From the code, it seems obvious that XLogBeginInsert is getting called at ginbtree.c line 373, so I think that some obscure code path of btree->placeToPage must be either consuming or resetting that XLogBeginInsert before it returns control to ginbtree.c


Cheers,

Jeff

Re: PANIC in GIN code

From
Heikki Linnakangas
Date:
On 06/26/2015 08:02 PM, Jeff Janes wrote:
> Under high load against f7bb7f0625771bc71869cda, I occasionally get:
>
> PANIC:  XLogBeginInsert was not called
>
> It seems to only come from vacuuming.
>
> Here is an example back-trace:
>
> #0  0x0000003dcb632625 in raise () from /lib64/libc.so.6
> #1  0x0000003dcb633e05 in abort () from /lib64/libc.so.6
> #2  0x000000000079a39c in errfinish (dummy=<value optimized out>) at
> elog.c:551
> #3  0x000000000079b0e4 in elog_finish (elevel=<value optimized out>,
> fmt=<value optimized out>) at elog.c:1368
> #4  0x00000000004dd1fe in XLogInsert (rmid=13 '\r', info=48 '0') at
> xloginsert.c:412
> #5  0x0000000000478e13 in ginPlaceToPage (btree=0x7fff1fbb7f60,
> stack=0x2878760, insertdata=<value optimized out>, updateblkno=<value
> optimized out>,
>      childbuf=0, buildStats=<value optimized out>) at ginbtree.c:582
> #6  0x0000000000479a33 in ginInsertValue (btree=0x7fff1fbb7f60,
> stack=0x2878760, insertdata=0x7fff1fbb7fe0, buildStats=0x0) at
> ginbtree.c:751
> #7  0x000000000047364a in ginEntryInsert (ginstate=0x7fff1fbb8280,
> attnum=54624, key=1, category=<value optimized out>, items=0x287d3c0,
> nitem=1,
>      buildStats=0x0) at gininsert.c:234
> #8  0x000000000047ef4b in ginInsertCleanup (ginstate=0x7fff1fbb8280,
> vac_delay=<value optimized out>, stats=0x2868d90) at ginfast.c:843
> #9  0x000000000047e024 in ginbulkdelete (fcinfo=<value optimized out>) at
> ginvacuum.c:547
>
>
>  From the code, it seems obvious that XLogBeginInsert is getting called at
> ginbtree.c line 373, so I think that some obscure code path of
> btree->placeToPage must be either consuming or resetting that
> XLogBeginInsert before it returns control to ginbtree.c

Here's a theory:

First of all, you have checksums or wal_log_hints enabled.

The page is being split (that's evident from "info=48" above). 
ginPlaceToPage calls GinNewBuffer, which calls GetFreeIndexPage().

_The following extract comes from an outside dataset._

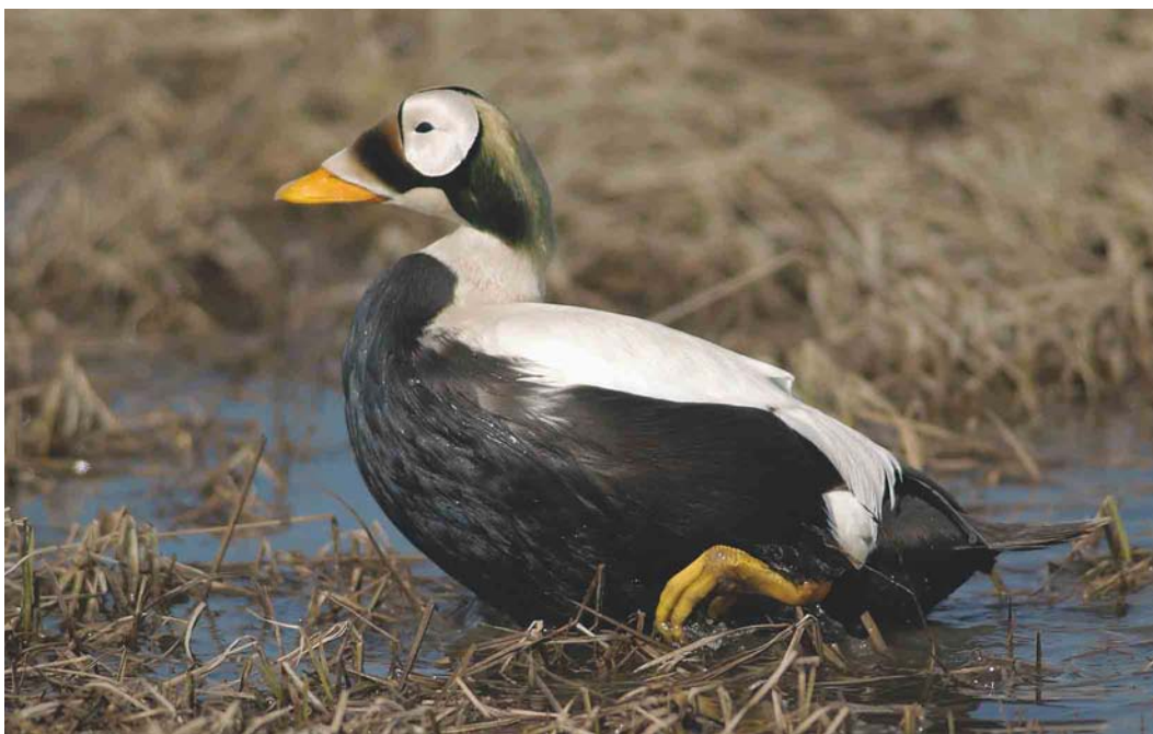
459 Spectacled Eider / Brileider Somateria fischeri , adult male, Deadhorse, Prudhoe Bay, Alaska, USA, 14 June 2004

That 
finds a page that can be recycled, and marks it as used. 
RecordUsedIndexPage calls MarkBufferDirtyHint(), which in turn calls 
XLogSaveBufferForHint() to create a full-page image record of the page. 
That calls XLogBeginInsert() + XLogInsert(), and leaves the 
begininsert_called == false.

If you had assertions enabled, you'd see the assertion in 
XLogBeginInsert() to fail.

I'll look into that over the weekend..

- Heikki




Re: PANIC in GIN code

From
Jeff Janes
Date:
On Fri, Jun 26, 2015 at 11:40 AM, Heikki Linnakangas <hlinnaka@iki.fi> wrote:
On 06/26/2015 08:02 PM, Jeff Janes wrote:
Under high load against f7bb7f0625771bc71869cda, I occasionally get:

PANIC:  XLogBeginInsert was not called

It seems to only come from vacuuming.

Here is an example back-trace:

#0  0x0000003dcb632625 in raise () from /lib64/libc.so.6
#1  0x0000003dcb633e05 in abort () from /lib64/libc.so.6
#2  0x000000000079a39c in errfinish (dummy=<value optimized out>) at
elog.c:551
#3  0x000000000079b0e4 in elog_finish (elevel=<value optimized out>,
fmt=<value optimized out>) at elog.c:1368
#4  0x00000000004dd1fe in XLogInsert (rmid=13 '\r', info=48 '0') at
xloginsert.c:412
#5  0x0000000000478e13 in ginPlaceToPage (btree=0x7fff1fbb7f60,
stack=0x2878760, insertdata=<value optimized out>, updateblkno=<value
optimized out>,
     childbuf=0, buildStats=<value optimized out>) at ginbtree.c:582
#6  0x0000000000479a33 in ginInsertValue (btree=0x7fff1fbb7f60,
stack=0x2878760, insertdata=0x7fff1fbb7fe0, buildStats=0x0) at
ginbtree.c:751
#7  0x000000000047364a in ginEntryInsert (ginstate=0x7fff1fbb8280,
attnum=54624, key=1, category=<value optimized out>, items=0x287d3c0,
nitem=1,
     buildStats=0x0) at gininsert.c:234
#8  0x000000000047ef4b in ginInsertCleanup (ginstate=0x7fff1fbb8280,
vac_delay=<value optimized out>, stats=0x2868d90) at ginfast.c:843
#9  0x000000000047e024 in ginbulkdelete (fcinfo=<value optimized out>) at
ginvacuum.c:547


 From the code, it seems obvious that XLogBeginInsert is getting called at
ginbtree.c line 373, so I think that some obscure code path of
btree->placeToPage must be either consuming or resetting that
XLogBeginInsert before it returns control to ginbtree.c

Here's a theory:

First of all, you have checksums or wal_log_hints enabled.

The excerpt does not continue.